══ Information given

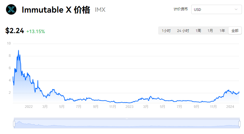 Immutable X 当前价格为 $2.24。Immutable X 的价格在过去 24 小时内上涨了 13.15%。目前,Immutable X 市值排名为第 -- 名,实时市值为 $20.34亿,流通供应量为 9.15亿 IMX,**供应量为 --。我们会实时更新 Immutable X/USD 的价格。Immutable X 价格表现 (美元)
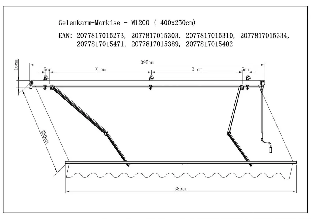 | Zusätzliche Varianten | TrendLine Gelenkarm-Markise 4 x 2,5 m Dark Grey, TrendLine Gelenkarm-Markise 4 x 2,5 m Sunny Stripe |
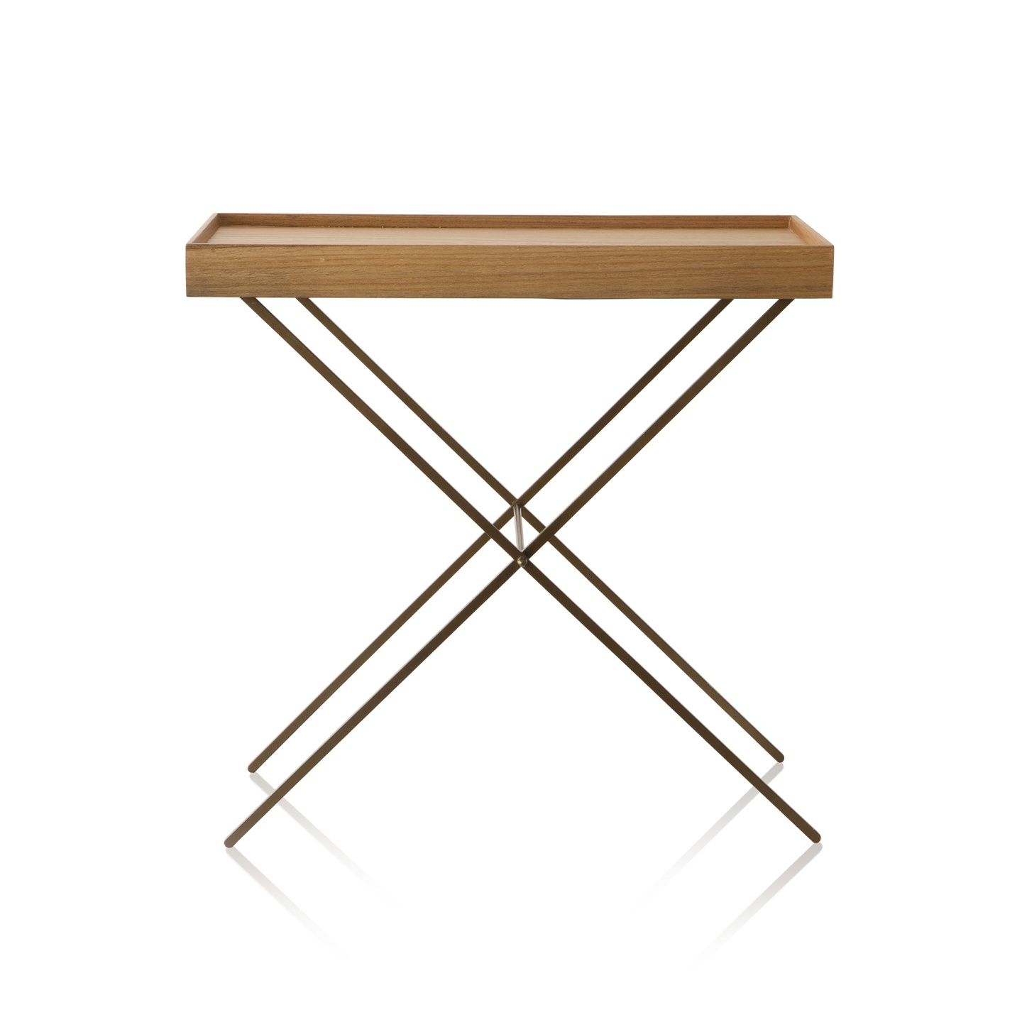A mesa é caracterizada pela leveza visual e pureza de seu aspecto formal. Sua funcionalidade é incrementada pelo ajuste de altura da fina estrutura metálica em perfil quadrado e pela superfície em madeira com bordas pronunciadas.
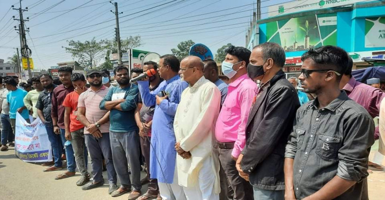 জুড়ীতে শেখ রাসেল মিনি স্টেডিয়ামের স্থান পরিবর্তনের দাবিতে মানববন্ধন
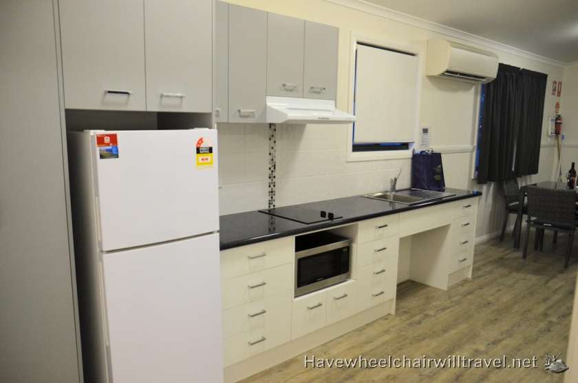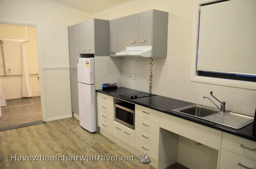 The galley kitchen has a lowered bench, room under the sink for wheelchair access and a lever tap. All crockery is at a level ideal for a wheelchair user.
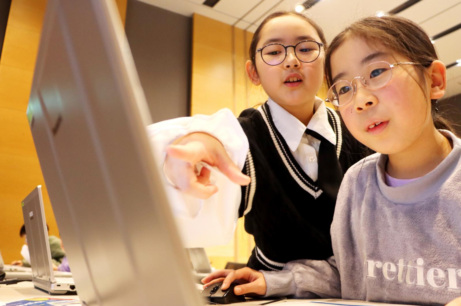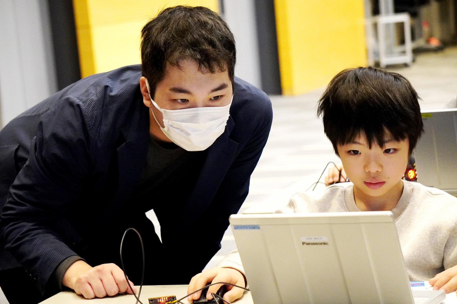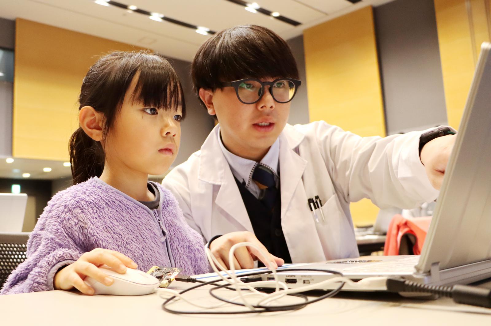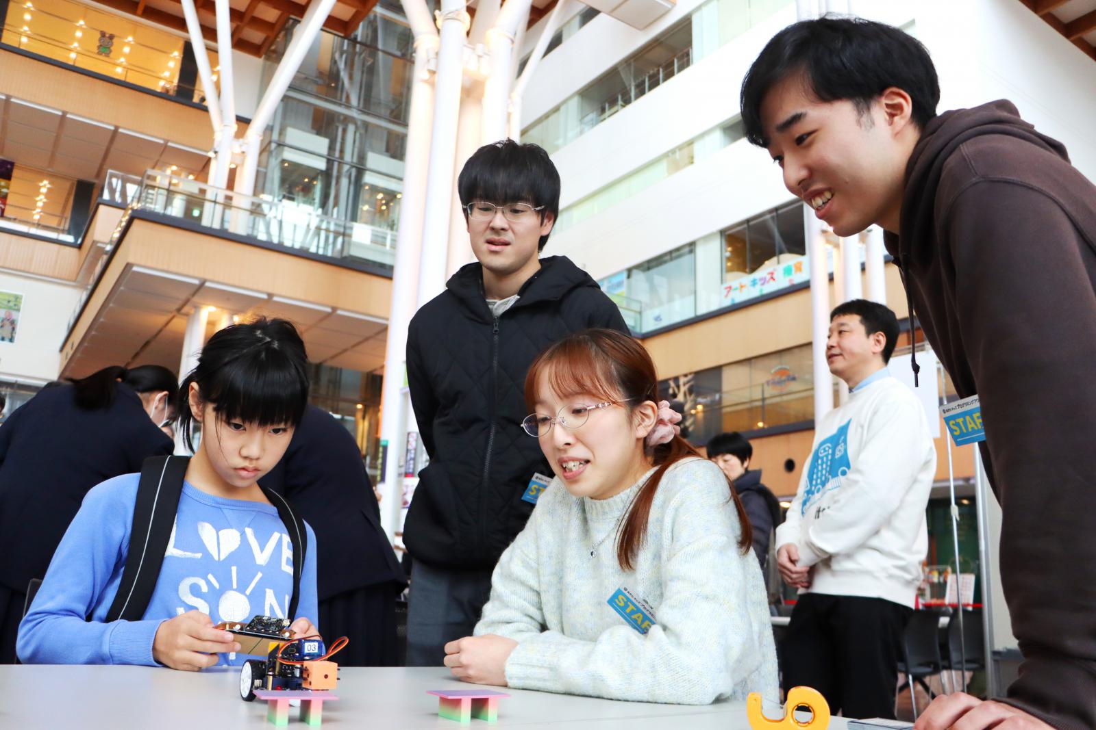 同イベントの一環として、廣田 千明 准教授らが講師を務める、「プログラミングスクール」が開催され、小学生および保護者が参加し親子揃ってプログラミングの魅力を体験しました。スクールでは、本学の学生やシステム科学技術学部・電子情報システム学科(現在の情報工学科)を卒業された秋田市立広面小学校の本田 和也 先生、ICT支援員の鈴木 克 さんが授業をサポートしました。「緊急地震速報のプログラムを考えてみよう!」
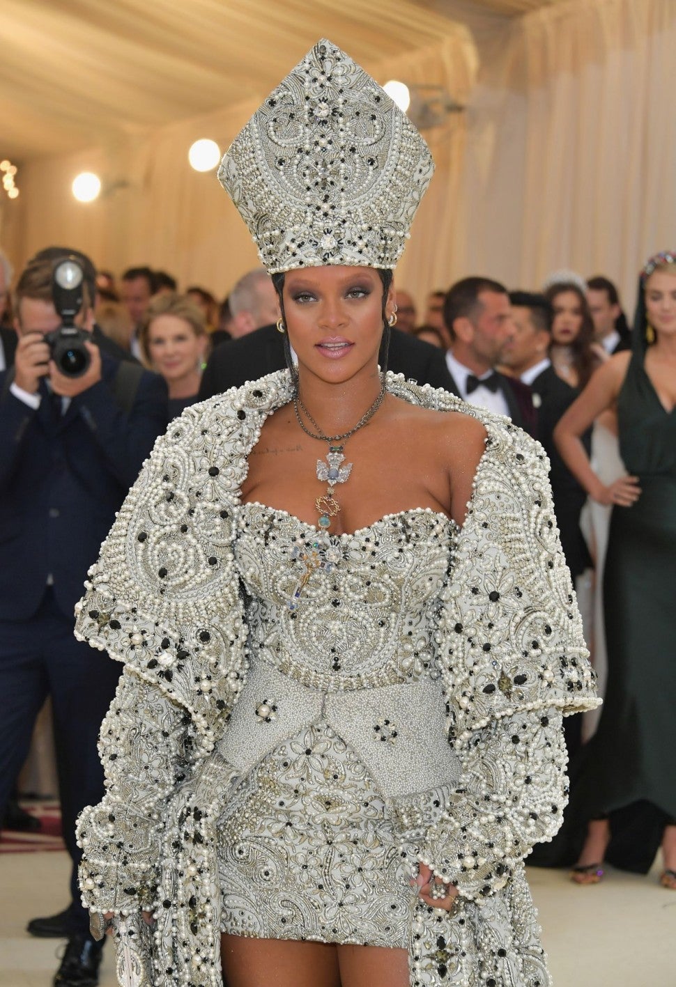 Rihanna proved once and for all why she's the queen of fashion's biggest night in an outfit that perfectly encapsulated the night's "Heavenly Bodies: Fashion and the Catholic Imagination" theme. She topped off her appropriate Margiela Artisanal gown by John Galliano with a matching headpiece reminiscent of a pope's mitre, an elaborately decorated hat.
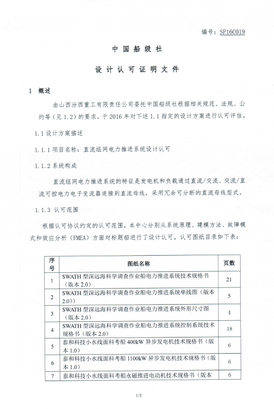 公司直流組網(wǎng)電力推進(jìn)系統(tǒng)取得中國(guó)船級(jí)社設(shè)計(jì)認(rèn)可
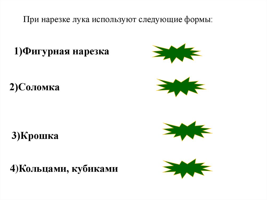 При нарезке лука используют следующие формы:1)Фигурная нарезка
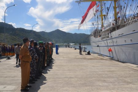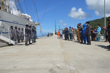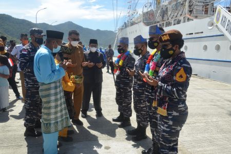 NATUNA, Potretnusantara.Id – Bupati Natuna, Wan Siswnadi didampingi Sekda Natuna, Boy Wijanarko Sambut kedatangan KRI KRI Bima Suci – 945 dan Taruna Akademi Angkatan Laut (AAL) tingkat III angkatan 68 tahun 2021, di Faslabuh TNI Angkatan Laut Selat Lampa kecamatan Bunguran Barat Kabupaten Natuna Provinsi Kepri, Selasa (28/9).
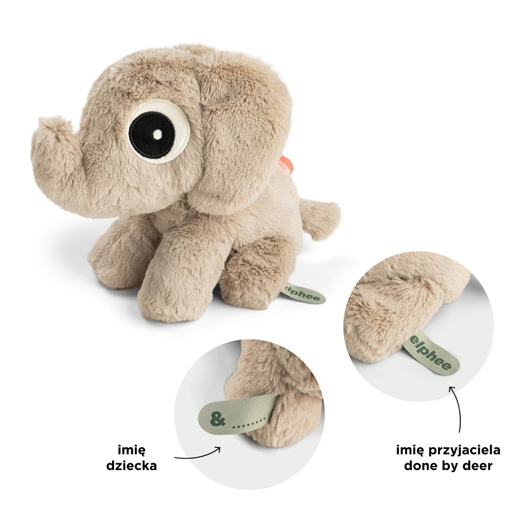 Zaprojektowana z myślą o małych rączkach i wielkich emocjach, przytulanka Elphee jest delikatna, lekka i idealna do tulenia zarówno w domu, jak i poza nim.
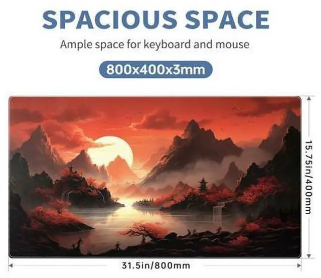 Large Size: This Large Mouse Pad Is 31.5 X 15.7 In (80 Cm X 40 Cm), Offering A Wide Area For Keyboards And Mouse To Move Around. This Extended Gaming Mousepad Xl Keyboard Mat Desk Mat Fits Different Gaming Desktops, You Can Also Use It As Desktop Or Platform Protector. Exquisite Japanese Sunset Mountain mouse pad patterns give you a better experience.
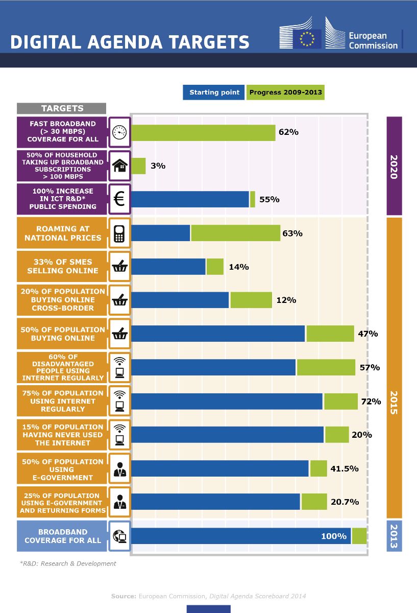 ICCSZ訊(編譯:Nina)歐盟委員會表示,它已經(jīng)實現(xiàn)“2013年實現(xiàn)基本寬帶全覆蓋”的目標(biāo),并且正積極邁向“歐洲數(shù)字議程(Digital Agenda for Europe,DAE)”上的其它目標(biāo)。不過,歐盟農(nóng)村地區(qū)的高速寬帶部署仍然落后。
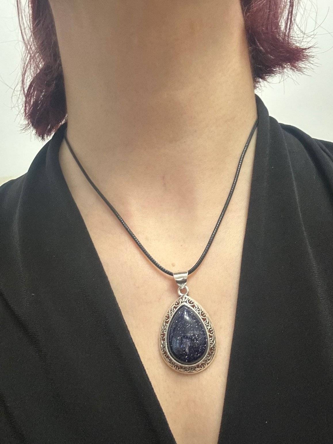 Pandantiv în formă de lacrimă, confecționat din oțel inoxidabil și piatră semiprețioasă sintetică PIATRA SOARELUI ALBASTRĂ.
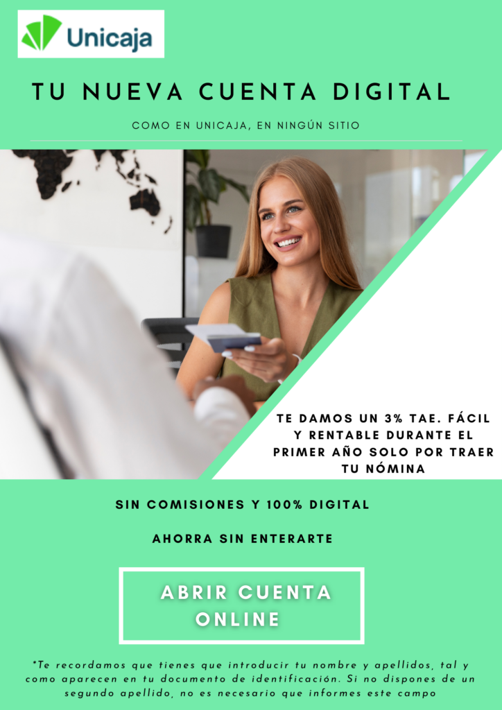 Al abrir la Cuenta Digital de Unicaja y domiciliar tu nómina o pensión de al menos 600 € al mes, puedes obtener 3% TAE sobre los primeros 20.000 € durante el primer año.
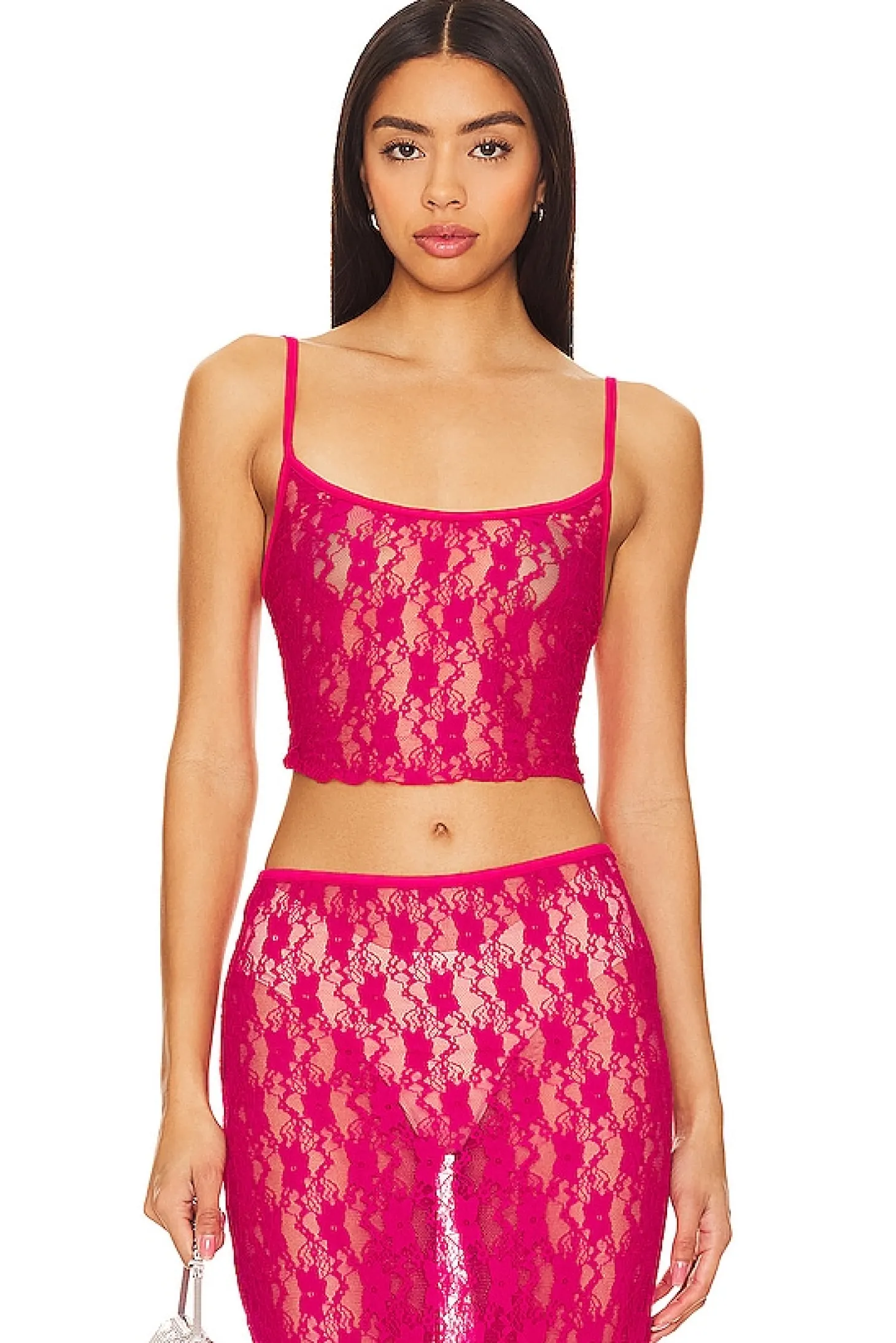 Turn heads and own your 'dressed up naked' look with the Lovers and Friends Lia Sheer Tank Top in Hot Pink. Crafted from delicate lace fabric, this tank is the epitome of sexy meets girly. Unleash your confidence and make a statement like never before!.Self: 92% nylon 8% elastane Contrast Fabric: 95% rayon 5% elastane.Made in China.Hand wash.Lace fabric with adjustable shoulder straps.Garment is intentionally sheer, undergarments will show through..Please note undergarment not included.Item not sold as set
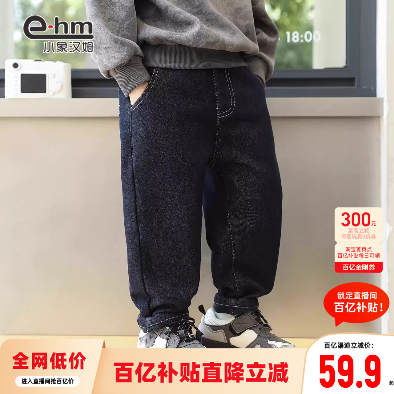 📚 小象汉姆童装男童春秋牛仔裤春装新款2026冬儿童休闲长裤子中大童

════

Please output all the data exactly as given, with the pictures omitted.

Problem solution
 Immutable X 当前价格为 $2.24。Immutable X 的价格在过去 24 小时内上涨了 13.15%。目前,Immutable X 市值排名为第 -- 名,实时市值为 $20.34亿,流通供应量为 9.15亿 IMX,**供应量为 --。我们会实时更新 Immutable X/USD 的价格。Immutable X 价格表现 (美元)
 | Zusätzliche Varianten | TrendLine Gelenkarm-Markise 4 x 2,5 m Dark Grey, TrendLine Gelenkarm-Markise 4 x 2,5 m Sunny Stripe |
A mesa é caracterizada pela leveza visual e pureza de seu aspecto formal. Sua funcionalidade é incrementada pelo ajuste de altura da fina estrutura metálica em perfil quadrado e pela superfície em madeira com bordas pronunciadas.
 জুড়ীতে শেখ রাসেল মিনি স্টেডিয়ামের স্থান পরিবর্তনের দাবিতে মানববন্ধন
 The galley kitchen has a lowered bench, room under the sink for wheelchair access and a lever tap. All crockery is at a level ideal for a wheelchair user.
 同イベントの一環として、廣田 千明 准教授らが講師を務める、「プログラミングスクール」が開催され、小学生および保護者が参加し親子揃ってプログラミングの魅力を体験しました。スクールでは、本学の学生やシステム科学技術学部・電子情報システム学科(現在の情報工学科)を卒業された秋田市立広面小学校の本田 和也 先生、ICT支援員の鈴木 克 さんが授業をサポートしました。「緊急地震速報のプログラムを考えてみよう!」
 Rihanna proved once and for all why she's the queen of fashion's biggest night in an outfit that perfectly encapsulated the night's "Heavenly Bodies: Fashion and the Catholic Imagination" theme. She topped off her appropriate Margiela Artisanal gown by John Galliano with a matching headpiece reminiscent of a pope's mitre, an elaborately decorated hat.
 公司直流組網(wǎng)電力推進(jìn)系統(tǒng)取得中國(guó)船級(jí)社設(shè)計(jì)認(rèn)可
 При нарезке лука используют следующие формы:1)Фигурная нарезка
 NATUNA, Potretnusantara.Id – Bupati Natuna, Wan Siswnadi didampingi Sekda Natuna, Boy Wijanarko Sambut kedatangan KRI KRI Bima Suci – 945 dan Taruna Akademi Angkatan Laut (AAL) tingkat III angkatan 68 tahun 2021, di Faslabuh TNI Angkatan Laut Selat Lampa kecamatan Bunguran Barat Kabupaten Natuna Provinsi Kepri, Selasa (28/9).
 Zaprojektowana z myślą o małych rączkach i wielkich emocjach, przytulanka Elphee jest delikatna, lekka i idealna do tulenia zarówno w domu, jak i poza nim.
 Large Size: This Large Mouse Pad Is 31.5 X 15.7 In (80 Cm X 40 Cm), Offering A Wide Area For Keyboards And Mouse To Move Around. This Extended Gaming Mousepad Xl Keyboard Mat Desk Mat Fits Different Gaming Desktops, You Can Also Use It As Desktop Or Platform Protector. Exquisite Japanese Sunset Mountain mouse pad patterns give you a better experience.
 ICCSZ訊(編譯:Nina)歐盟委員會表示,它已經(jīng)實現(xiàn)“2013年實現(xiàn)基本寬帶全覆蓋”的目標(biāo),并且正積極邁向“歐洲數(shù)字議程(Digital Agenda for Europe,DAE)”上的其它目標(biāo)。不過,歐盟農(nóng)村地區(qū)的高速寬帶部署仍然落后。
 Pandantiv în formă de lacrimă, confecționat din oțel inoxidabil și piatră semiprețioasă sintetică PIATRA SOARELUI ALBASTRĂ.
 Al abrir la Cuenta Digital de Unicaja y domiciliar tu nómina o pensión de al menos 600 € al mes, puedes obtener 3% TAE sobre los primeros 20.000 € durante el primer año.
 Turn heads and own your 'dressed up naked' look with the Lovers and Friends Lia Sheer Tank Top in Hot Pink. Crafted from delicate lace fabric, this tank is the epitome of sexy meets girly. Unleash your confidence and make a statement like never before!.Self: 92% nylon 8% elastane Contrast Fabric: 95% rayon 5% elastane.Made in China.Hand wash.Lace fabric with adjustable shoulder straps.Garment is intentionally sheer, undergarments will show through..Please note undergarment not included.Item not sold as set
 📚 小象汉姆童装男童春秋牛仔裤春装新款2026冬儿童休闲长裤子中大童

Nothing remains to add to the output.